Хотя я не питал никаких надежд на то, что мне удастся выйти из этого положения, и даже мечтать об этом перестал, но все же ни на минуту не мирился со своей горькой долей. Чувствовал я себя страшно несчастным. Я вынашивал свои муки в глубине сердца и даже в письмах к Пиготти не признавался в них. Мы часто с нею переписывались, но я молчал — отчасти из любви к ней, не желая ее огорчать, а отчасти потому, что мне было стыдно за себя.
Денежные затруднения мистера Микобера еще усиливали мои душевные муки. Одиночество заставило меня искренне привязаться к этой семье. Помню, что во время прогулки меня обычно угнетала мысль о долгах мистера Микобера, и я, расхаживая, все обдумывал те средства и способы, с помощью которых миссис Микобер мечтала выйти из затруднения.
Суббота была для меня самым приятным днем: идя домой раньше обыкновенного, я ощущал в кармане шесть или семь шиллингов и, проходя мимо окон магазинов, прикидывал в уме, что мог бы я купить на эти деньги.
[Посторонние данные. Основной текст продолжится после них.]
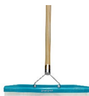
2. Grandi Groom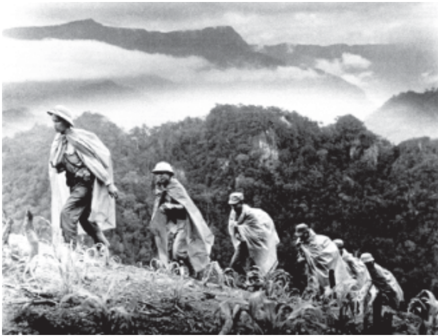
Fig.16 – On the Ho Chi Minh trail.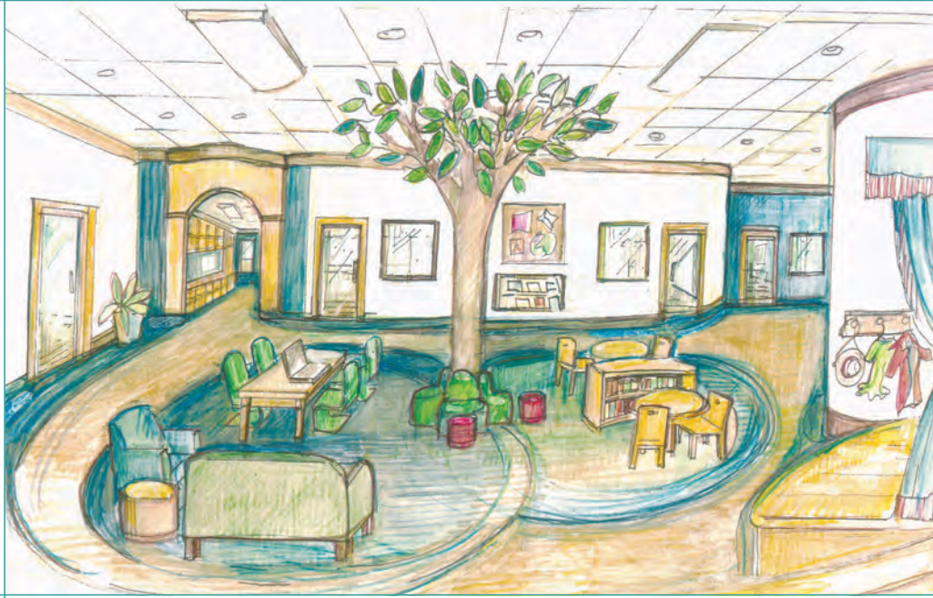
Media - Drama Center - Library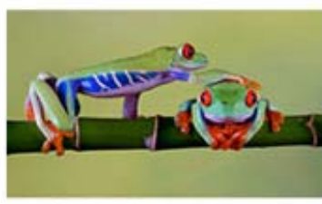
Red Eyed Tree Frogs by Sandra Cook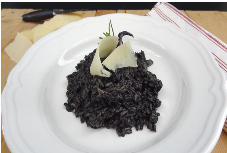
Picture 3.2.4.1. Black risotto

Source: http://www.kuhaona.com/en/2016/08/black-cuttlefish-risotto/ , 20.08.2018.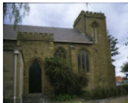
christ church mckillop street geelong church entrance side view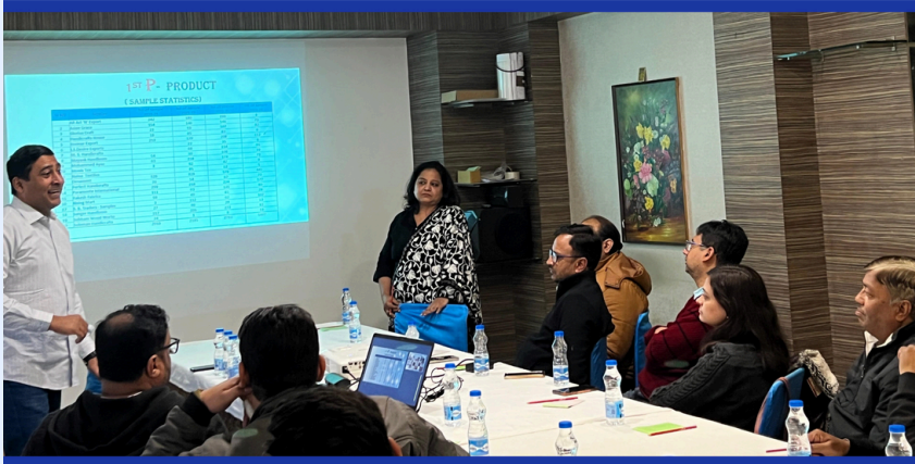
"Annual Producers Capacity Building training in Delhi"

Но и субботние вечера бывали отравлены раздирающими душу рассказами миссис Микобер о безвыходном положении мужа. Такие же разговоры заводила она и по воскресным утрам, в то время как я заваривал в жестяном стаканчике для бритья купленный накануне вечером чай или кофе, а потом долго сидел за своим скромным завтраком.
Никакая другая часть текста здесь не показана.